Exercise details
Repeat the data that follows exactly, starting at the line with "500 — 3 000 мм |" and ending at the line with "Medgeneracijski centri –", and leave out every picture.

Information
=-=-=

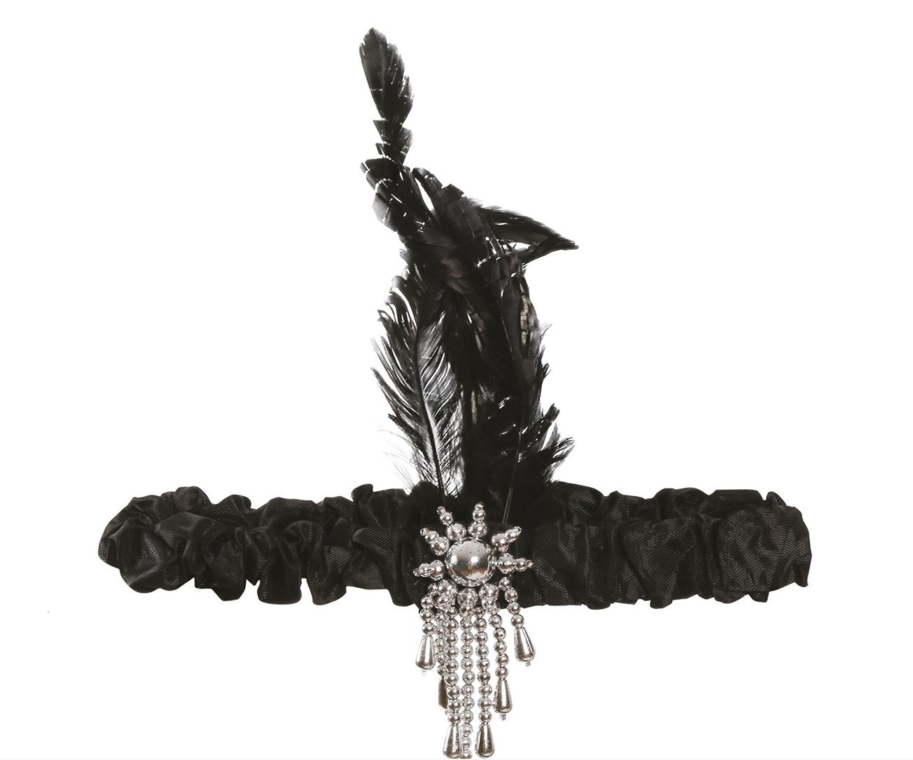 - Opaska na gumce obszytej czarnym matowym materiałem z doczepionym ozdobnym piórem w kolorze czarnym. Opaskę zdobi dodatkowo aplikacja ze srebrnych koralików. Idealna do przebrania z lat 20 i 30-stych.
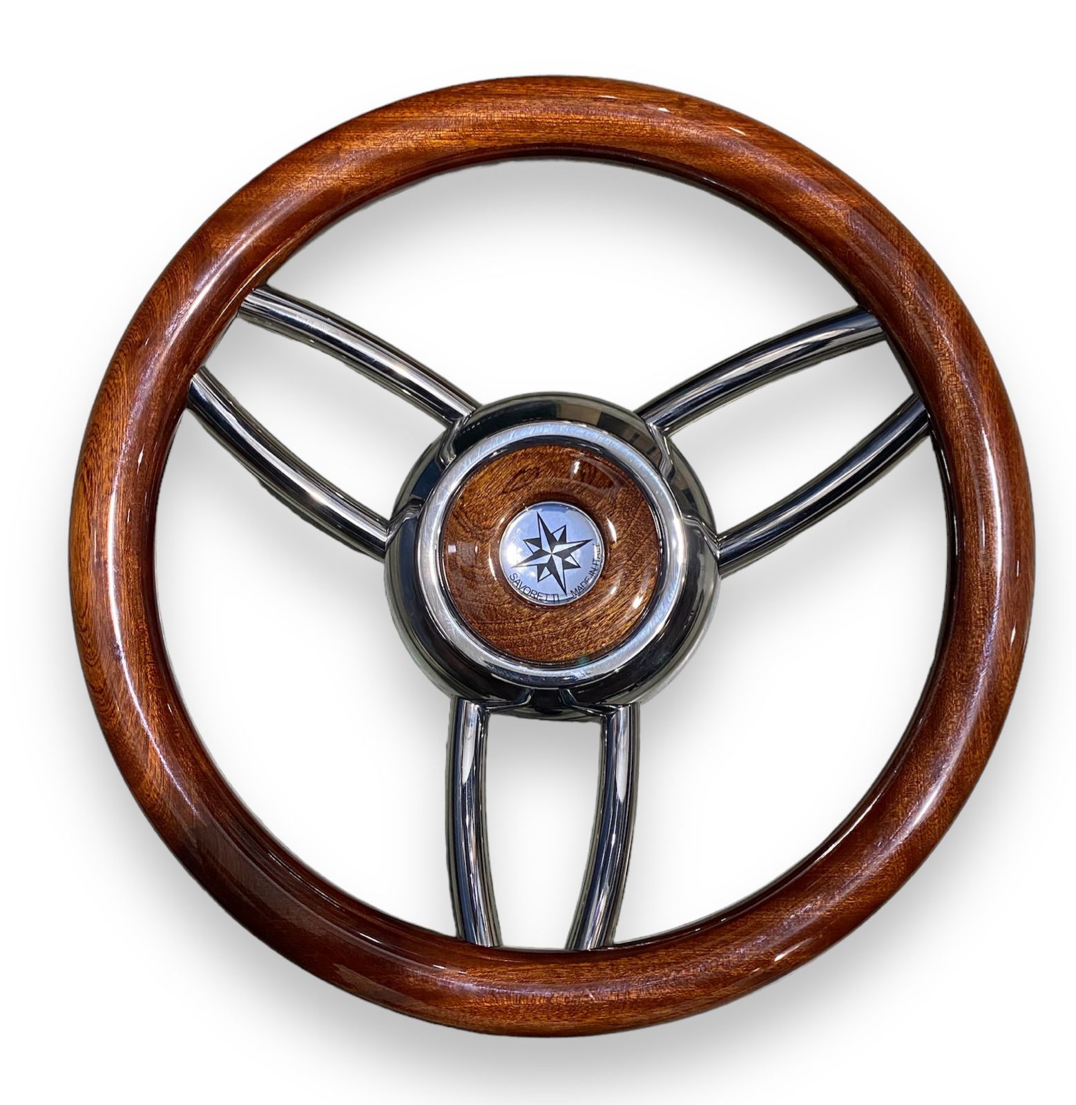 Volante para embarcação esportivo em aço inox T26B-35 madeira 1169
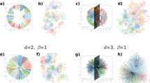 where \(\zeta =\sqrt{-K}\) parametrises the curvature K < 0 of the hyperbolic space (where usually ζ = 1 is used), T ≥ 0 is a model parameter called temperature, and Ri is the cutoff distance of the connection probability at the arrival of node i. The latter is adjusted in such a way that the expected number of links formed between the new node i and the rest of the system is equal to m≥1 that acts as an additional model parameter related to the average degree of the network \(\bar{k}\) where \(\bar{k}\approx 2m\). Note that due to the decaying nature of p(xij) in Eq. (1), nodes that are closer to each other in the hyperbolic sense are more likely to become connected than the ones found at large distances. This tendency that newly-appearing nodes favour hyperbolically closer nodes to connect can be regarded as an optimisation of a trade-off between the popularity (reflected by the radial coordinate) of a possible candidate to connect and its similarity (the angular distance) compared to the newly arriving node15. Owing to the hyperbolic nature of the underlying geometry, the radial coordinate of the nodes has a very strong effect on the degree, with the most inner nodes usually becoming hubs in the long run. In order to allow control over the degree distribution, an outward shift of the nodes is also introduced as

=-=-=

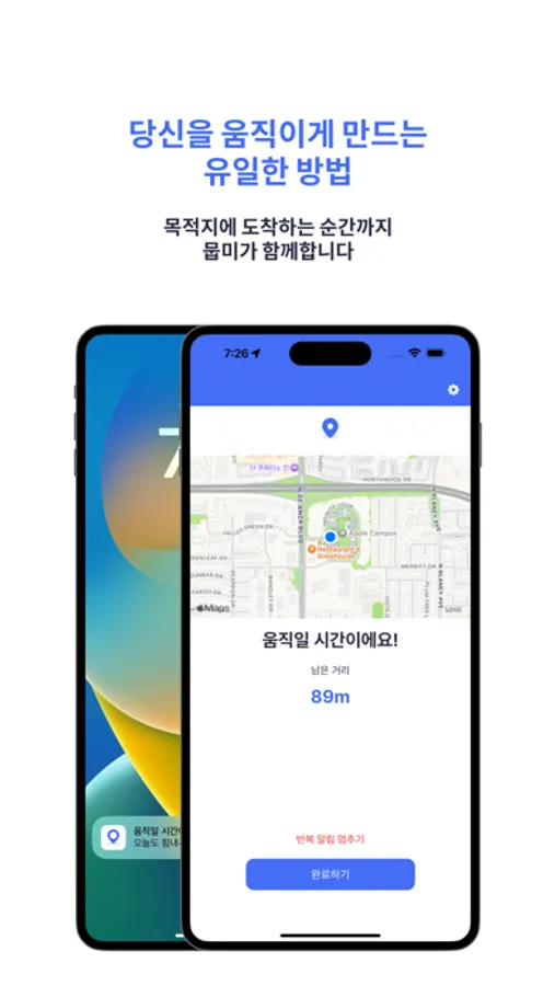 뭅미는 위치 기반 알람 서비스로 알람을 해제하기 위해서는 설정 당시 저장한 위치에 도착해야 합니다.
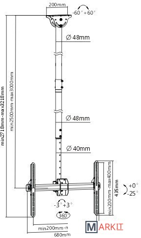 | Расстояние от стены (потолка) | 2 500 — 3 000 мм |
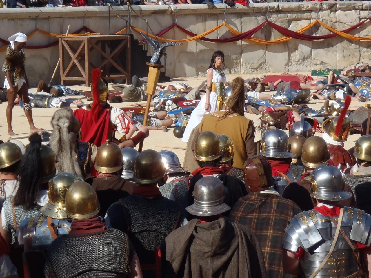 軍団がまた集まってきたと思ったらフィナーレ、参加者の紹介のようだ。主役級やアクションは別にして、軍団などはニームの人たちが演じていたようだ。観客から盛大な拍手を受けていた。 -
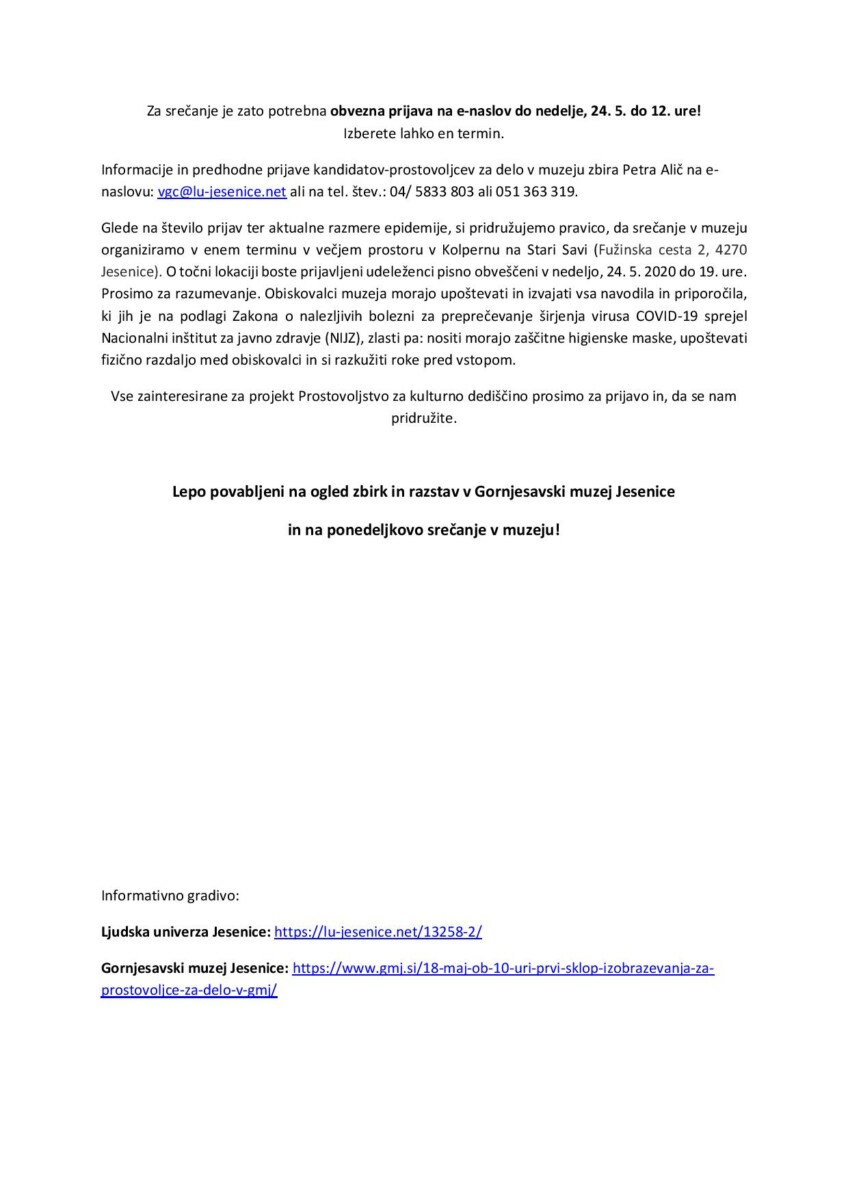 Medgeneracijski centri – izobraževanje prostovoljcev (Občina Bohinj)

=-=-=

Answer box
 | Расстояние от стены (потолка) | 2 500 — 3 000 мм |
 軍団がまた集まってきたと思ったらフィナーレ、参加者の紹介のようだ。主役級やアクションは別にして、軍団などはニームの人たちが演じていたようだ。観客から盛大な拍手を受けていた。 -
 Medgeneracijski centri – izobraževanje prostovoljcev (Občina Bohinj)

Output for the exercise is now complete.